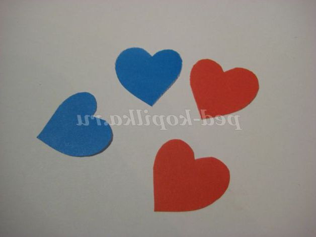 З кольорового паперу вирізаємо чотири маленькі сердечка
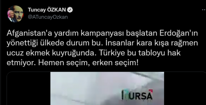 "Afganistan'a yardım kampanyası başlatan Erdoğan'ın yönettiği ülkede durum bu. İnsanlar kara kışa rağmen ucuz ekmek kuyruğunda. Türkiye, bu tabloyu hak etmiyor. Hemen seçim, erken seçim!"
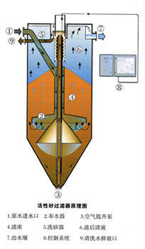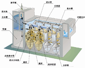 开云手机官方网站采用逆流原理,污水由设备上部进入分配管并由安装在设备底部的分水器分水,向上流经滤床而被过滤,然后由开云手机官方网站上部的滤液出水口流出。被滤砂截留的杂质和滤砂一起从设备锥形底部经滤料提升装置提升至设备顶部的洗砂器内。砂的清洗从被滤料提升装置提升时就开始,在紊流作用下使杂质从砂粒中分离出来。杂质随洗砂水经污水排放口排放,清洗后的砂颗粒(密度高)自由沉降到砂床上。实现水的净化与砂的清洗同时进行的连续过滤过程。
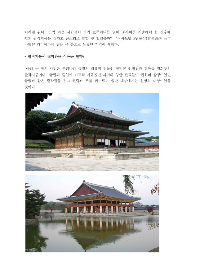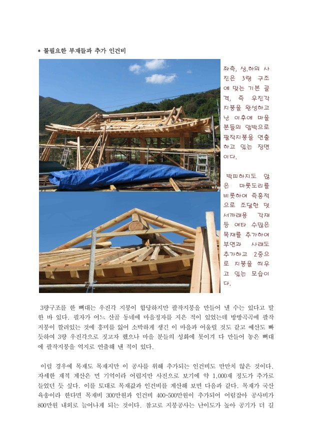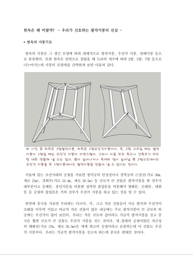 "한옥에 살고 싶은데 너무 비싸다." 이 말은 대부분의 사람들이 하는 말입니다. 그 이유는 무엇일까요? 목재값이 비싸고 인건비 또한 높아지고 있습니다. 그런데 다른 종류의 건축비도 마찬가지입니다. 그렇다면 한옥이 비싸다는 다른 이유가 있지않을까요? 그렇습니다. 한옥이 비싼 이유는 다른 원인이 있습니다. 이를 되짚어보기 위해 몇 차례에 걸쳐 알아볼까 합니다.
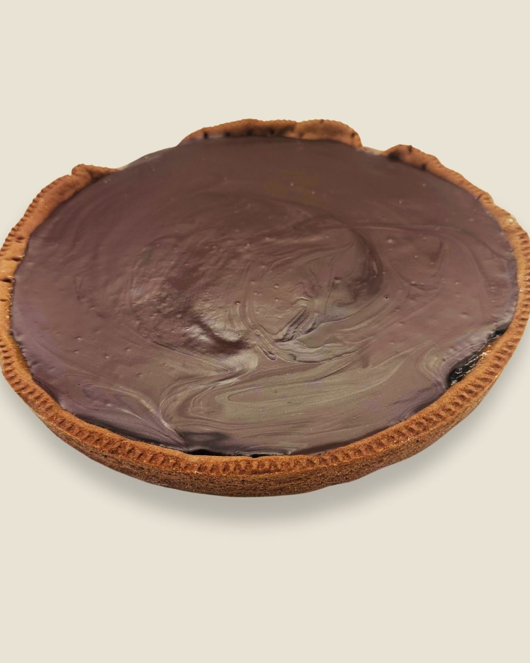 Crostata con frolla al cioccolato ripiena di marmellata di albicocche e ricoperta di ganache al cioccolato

→ **Task**:
Leaving the pictures out, set down exactly the lines from the one with "开云手机官方网站采用逆流原理" through the end of the records.

→ **Exercise solution**:
 开云手机官方网站采用逆流原理,污水由设备上部进入分配管并由安装在设备底部的分水器分水,向上流经滤床而被过滤,然后由开云手机官方网站上部的滤液出水口流出。被滤砂截留的杂质和滤砂一起从设备锥形底部经滤料提升装置提升至设备顶部的洗砂器内。砂的清洗从被滤料提升装置提升时就开始,在紊流作用下使杂质从砂粒中分离出来。杂质随洗砂水经污水排放口排放,清洗后的砂颗粒(密度高)自由沉降到砂床上。实现水的净化与砂的清洗同时进行的连续过滤过程。
 "한옥에 살고 싶은데 너무 비싸다." 이 말은 대부분의 사람들이 하는 말입니다. 그 이유는 무엇일까요? 목재값이 비싸고 인건비 또한 높아지고 있습니다. 그런데 다른 종류의 건축비도 마찬가지입니다. 그렇다면 한옥이 비싸다는 다른 이유가 있지않을까요? 그렇습니다. 한옥이 비싼 이유는 다른 원인이 있습니다. 이를 되짚어보기 위해 몇 차례에 걸쳐 알아볼까 합니다.
 Crostata con frolla al cioccolato ripiena di marmellata di albicocche e ricoperta di ganache al cioccolato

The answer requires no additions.